● **Exercise instructions**
Return, with both end lines included, exactly what the data below holds from the line with "Every Srimanti edition" through the line with "1匹が入ると、みんなマネしたくなる?バケツにギュウギュウになる子犬。", though not the pictures.

Dataset items

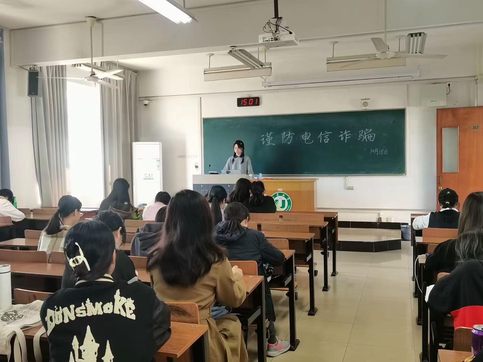 为广泛宣传谨防电信网络诈骗,提高广大学生预防电信诈骗的防范意识,10月11日至10月31日,财经学院21级各班级组织开展“提高安全防范意识,远离电信网络诈骗”主题班会,班会由各班班长主持,辅导员李华、吴思远和全体同学参加。
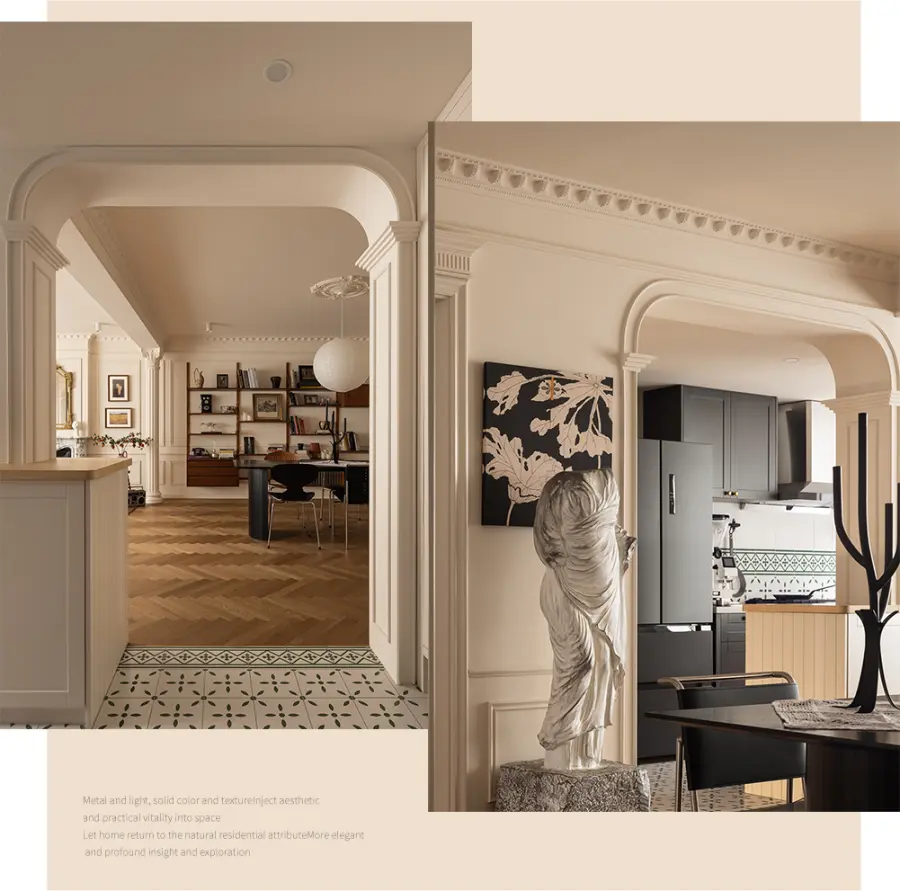 艺术元素的融入为空间注入了深厚的文化底蕴和艺术魅力,通过精巧的设计和搭配,从而展现出了法式独特的优雅和浪漫。
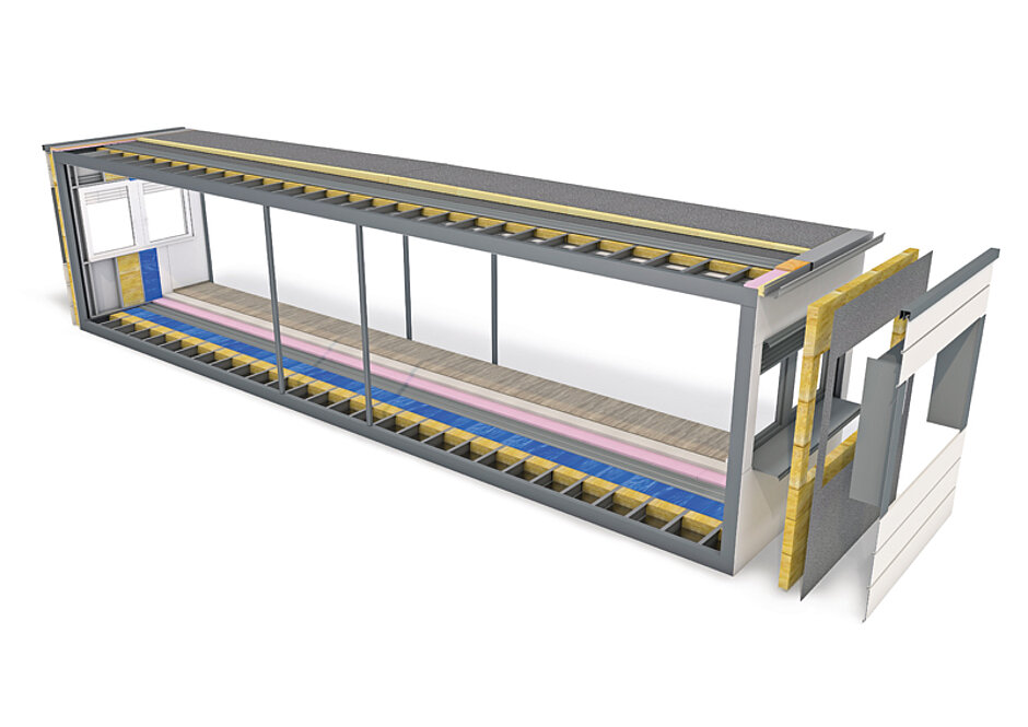 Dank der selbsttragenden Stahlkonstruktion der einzelnen Module entfallen tragende Wände im Innenraum. So kann dieser frei gestaltet werden – und das unabhängig voneinander in jedem Geschoss.
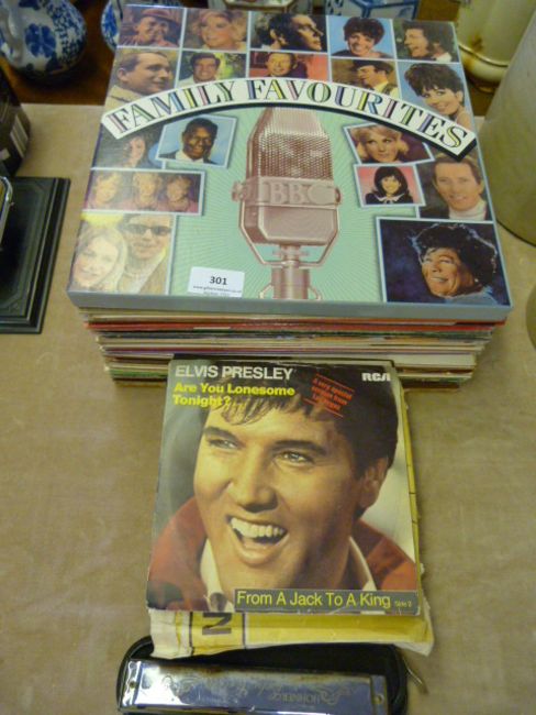 Collection of LPs, 45s and a Hohner Harmonica
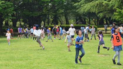 記念写真撮影の後は、希望っ子班ごとの遊びです。事前に各班で何をやって遊ぶか考えてきました。しかし、準備してきたからといって思ったようにならないこともあります。ちょっとしたいざこざも起こります。それでも高学年の子どもたちは、みんなのことを思いやり考えて、一生懸命盛り上げようとがんばります。そんな姿を見て、低学年の子どもたちも高学年の言うことをよく聞いて楽しく遊んでいました。
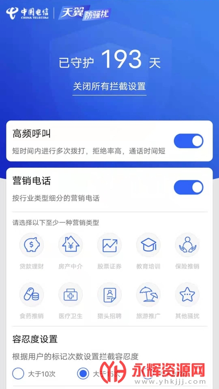 中国电信天翼防骚扰更好的帮助用户去自动拦截广告骚扰电话以及短信信息,而且还能够将拦截掉号码进行标记,你可以自定义添加到白名单当中哦,赶快前来永辉下载站体验吧!
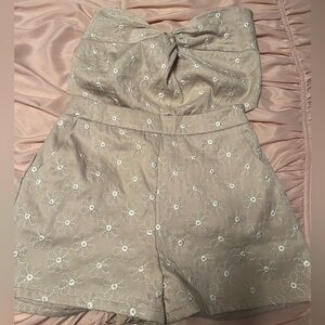 XS Beige two piece set white floral set. Shorts with tube top. Perfect condition.
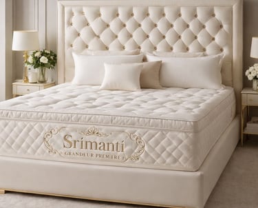 Every Srimanti edition is presented as a complete ceremonial sleep ensemble, thoughtfully composed to honour life’s most auspicious milestones. At its heart lies The Wedding Mattress, accompanied by the Srimanti Ceremonial Quilt, Srimanti Pillows, and Srimanti Bed Linens—each element crafted to exist in quiet harmony. Together, they feel complete, considered, and worthy of the occasion they represent.
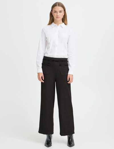 Disse bukser med lige ben har en behagelig pasform og et strejf af tekstur. Designet har en subtil frynsedetalje i taljen, hvilket tilføjer et unikt visuelt element til den klassiske silhuet.
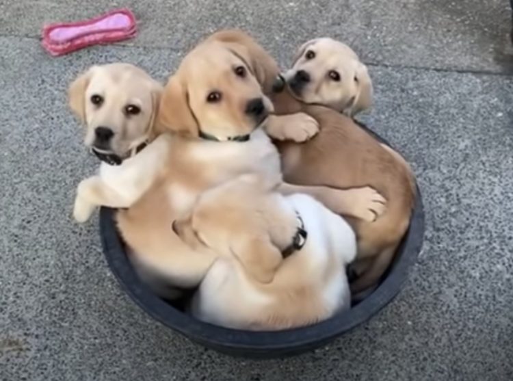 1匹が入ると、みんなマネしたくなる?バケツにギュウギュウになる子犬。
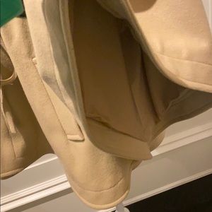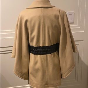 Dinner woman coat with wide sleeves one size fits all elastic bands inside that allow to tighten or stretch to fit anywhere from a size 4/6 to a 8/10 or 12 US size! Camel color leather waste detail and strings in the front to tie ! Loose style ! Wool material very good condition gently worn!
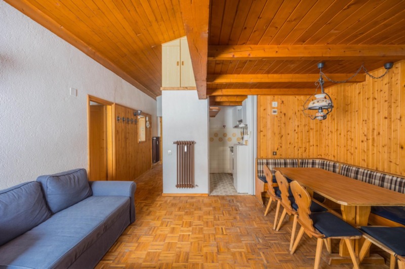 Die Wohnung selbst überzeugt durch ihren traditionellen alpinen Stil, geprägt von warmen Holzelementen, die eine behagliche Atmosphäre schaffen. Nach dem Betreten führt ein einladender Eingangsbereich in die verschiedenen Räume: ein kleines Badezimmer, eine praktische Miniküche sowie ein gemütliches Wohnzimmer, das zum Verweilen nach einem aktiven Tag in den Bergen einlädt. Das Schlafzimmer verfügt über ein eigenes Badezimmer und bietet zusätzlichen Komfort. Eine Innentreppe führt in das Dachgeschoss, das vielseitig genutzt werden kann – sei es als weiterer Schlafbereich, Rückzugsraum oder Stauraum. Eine Garage ist im Kaufpreis bereits inbegriffen und rundet das Angebot ideal ab.
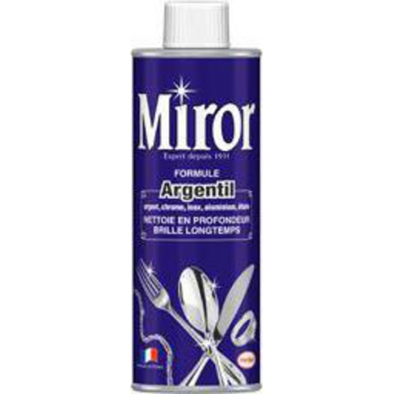Miror Formule Argentil nettoie à fond et fait briller durablement l'argent, le chrome, l'inox, l'étain brillant, le nickel, l'aluminium et l'acier. Grâce à une formule anti-oxydante, Miror protège vos métaux et retarde la réoxydation pendant plusieurs mois. La Formule Argentil est aussi recommandée pour nettoyer les tringles de rideaux, les fenêtres en aluminium, les poignées de portes et les tubes d'ameublement. ">Contient entre autres composés (règlement détergent (CE) n°648/2004): moins de 5%: agents de surface non-ioniques, hydrocarbures aliphatiques, savon.
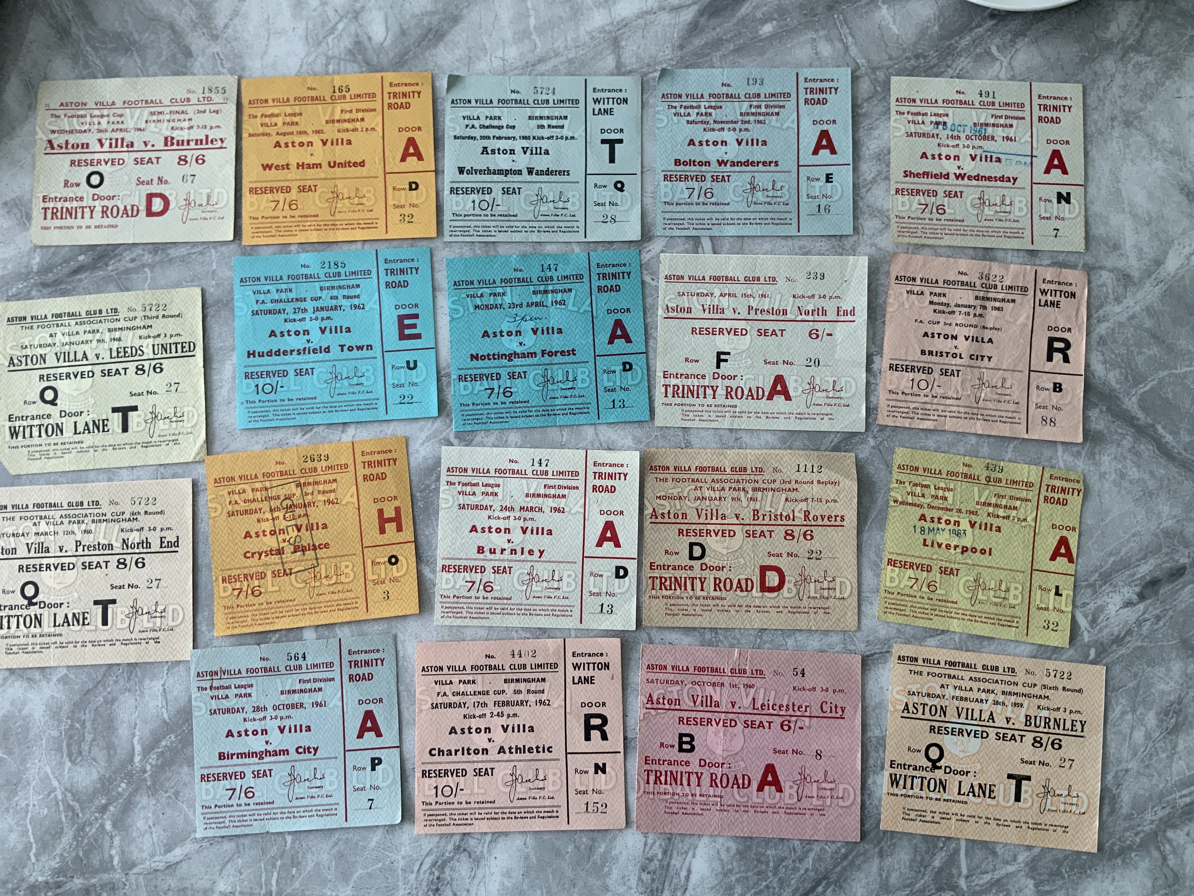 Aston Villa Home Football Tickets 58/59 - 64-65: Includes rare 60/61 League Cup Semi Final v Burnley. Many other FA Cup matches including 59/60 Leeds, Preston and league matches in 62/63 v West Ham and Liverpool. Excellent. (19)
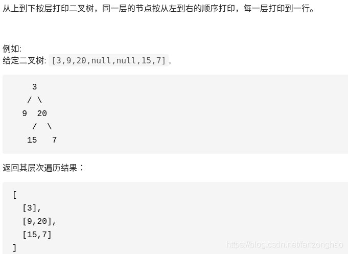 public:vector<vector<int>> levelOrder(TreeNode* root) {vector<vector<int>> res;        if(!root){return {};}queue<TreeNode* > queue_A;queue_A.push(root);while(!queue_A.empty()){ vector<int> temp_res;int count = queue_A.size();for (int i=0;i<count;i++){                TreeNode* node = queue_A.front();temp_res.push_back(node->val);queue_A.pop();if(node->left){queue_A.push(node->left);}if(node->right){queue_A.push(node->right);}}res.push_back(temp_res);            }return res;}};
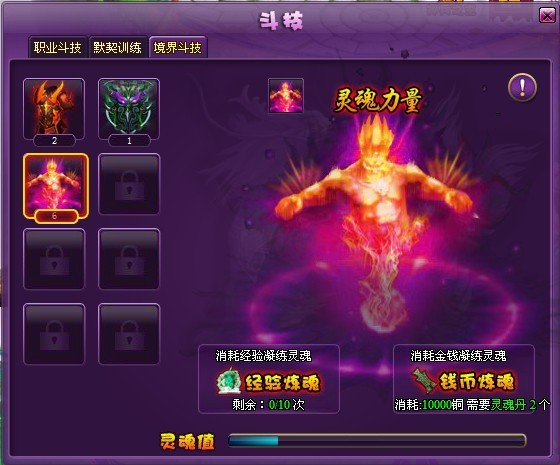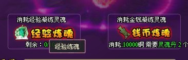 a、经验炼魂:通过消耗人物经验值,提升灵魂值,每天最多只可使用10次。
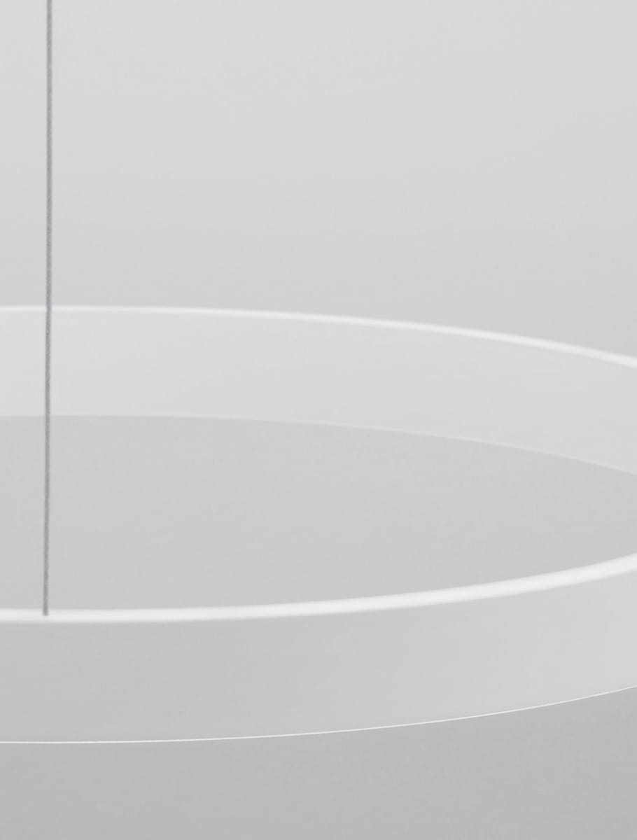 Lampa wykonana została z aluminium w białym kolorze o matowym wykończeniu i ma formę masywnego ringu z wbudowanym źródłem światła LED. Osłonę klosza wykonano z akrylu w mlecznym odcieniu, który subtelnie tonuje moc oświetlenia, tworząc przyjemny klimat.
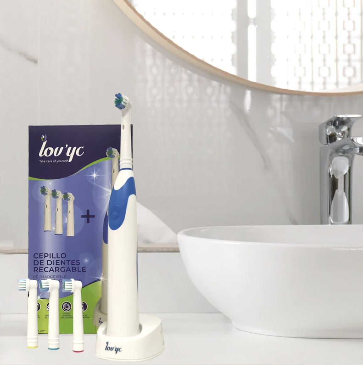 la nouvelle brosse électrique Lov’yc avec tête amovible, trois modes de vitesse différents, submersible et avec une autonomie allant jusqu’à 15 jours. Sa tête arrondie couvre toute la surface de la dent permettant de nettoyer avec précision toute la zone en s’adaptant en douceur. Découvrez avec Lov’yc la différence entre une brosse normale et une brosse électrique.
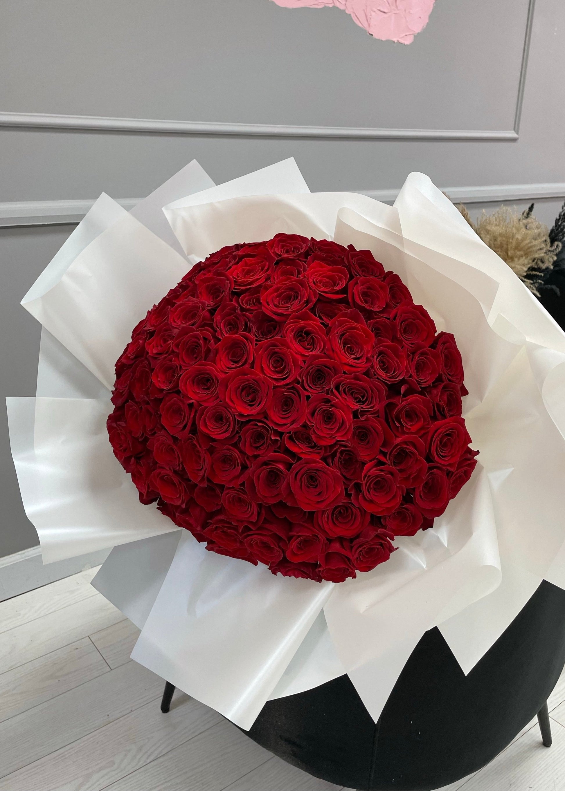 Turn moments into memories with this breathtaking bouquet of 100 luxurious long stem roses — an opulent gesture that speaks louder than words. Whether you're celebrating love, passion, or a milestone moment, this grand composition leaves a lasting impression.
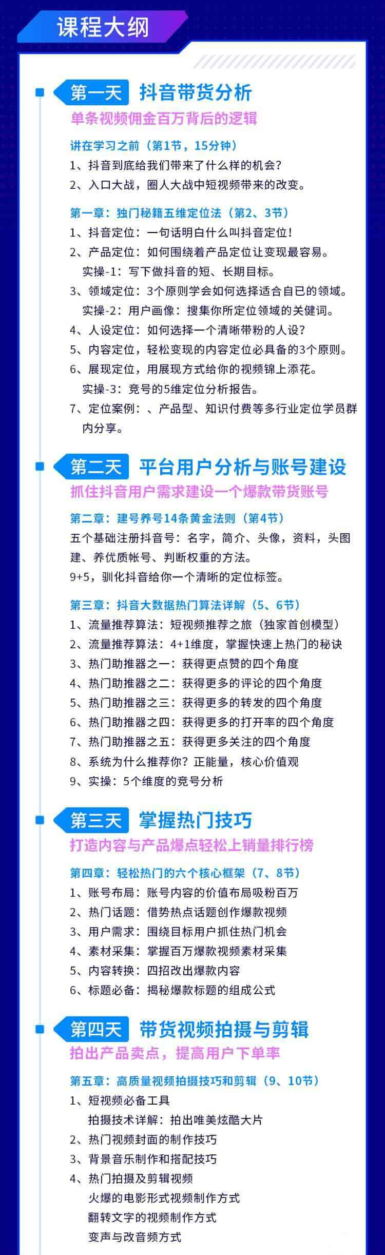快马短视频商学院三个月实战抖音卖货佣金超过6000万,总结了一套可复制的卖货玩法,在这次爆款课为你揭秘佣金百万背后的秘密,教你从账号准备开始,在到内容打造与产品爆点,让你轻松上销量排行榜,最后教你涨粉布局,多维变现,规模化运营,切切实实带你赚到抖音第一桶金。
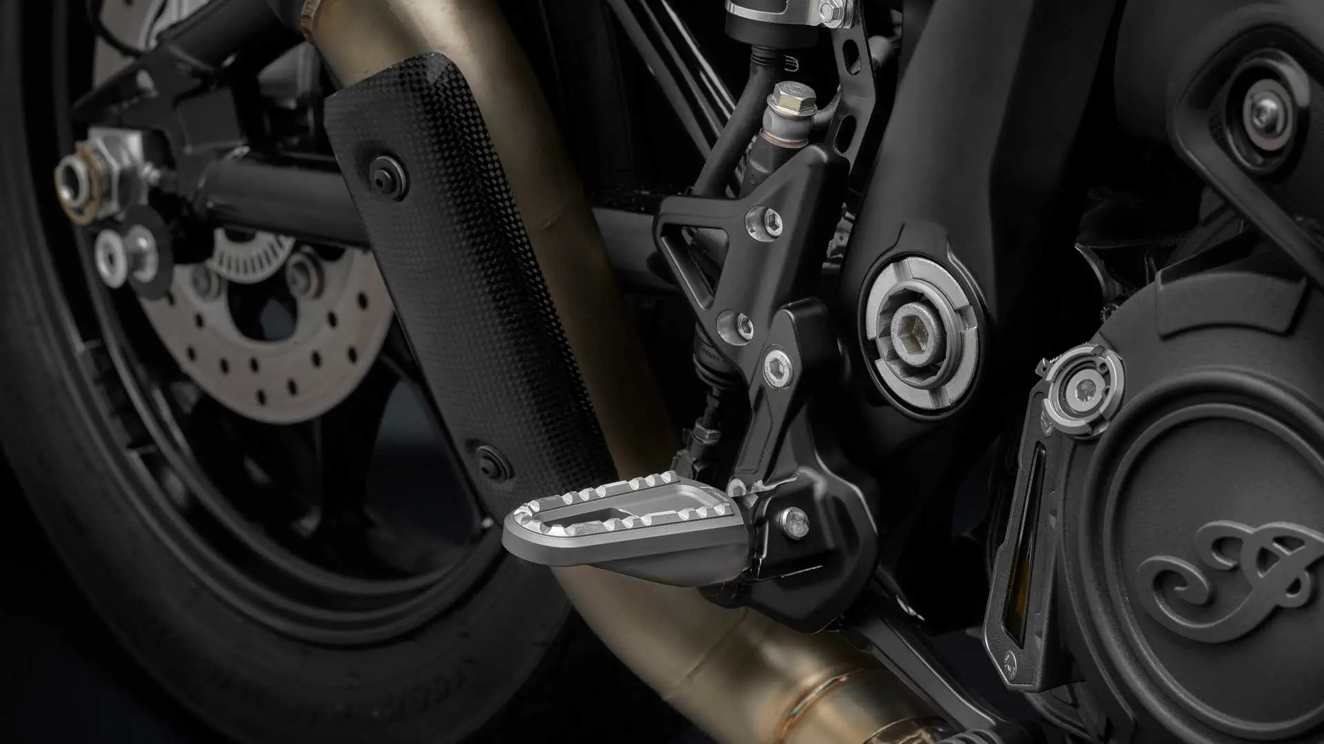 Direttamente ispirata dall’indiscussa campionessa nel Campionato americano di Flat Track Scout FTR750, la FTR 1200, lo ricordiamo, è disponibile in versione “base “ ed “s”: entrambe sono spinte da un nuovo e poderoso bicilindrico a V di 1.203 cm3 raffreddato liquido, in grado di erogare una potenza di 120 CV a 8.250 giri/min, con una coppia massima di 115 Nm a 6.000 giri/min protetto da una preziosa cover in magnesio. A tenerlo a bada ci pensa l’elettronica, con TC, antimpennata e controllo di stabilità più tre mappe motore, cioè Sport, Standard e Rain. Debitamente spogliata delle inutili carenature, sfoggia un prezioso telaio a traliccio in tubi di acciaio abbinato ad un telaietto posteriore in alluminio. A livello sospensioni troviamo una forcella a steli rovesciati da 43 mm con 150 mm di escursione, completamente regolabile per la versione S. La versione base costa 14.90 euro, che salgono a 16.490 per la S.

● **Result of the task**
 Every Srimanti edition is presented as a complete ceremonial sleep ensemble, thoughtfully composed to honour life’s most auspicious milestones. At its heart lies The Wedding Mattress, accompanied by the Srimanti Ceremonial Quilt, Srimanti Pillows, and Srimanti Bed Linens—each element crafted to exist in quiet harmony. Together, they feel complete, considered, and worthy of the occasion they represent.
 Disse bukser med lige ben har en behagelig pasform og et strejf af tekstur. Designet har en subtil frynsedetalje i taljen, hvilket tilføjer et unikt visuelt element til den klassiske silhuet.
 1匹が入ると、みんなマネしたくなる?バケツにギュウギュウになる子犬。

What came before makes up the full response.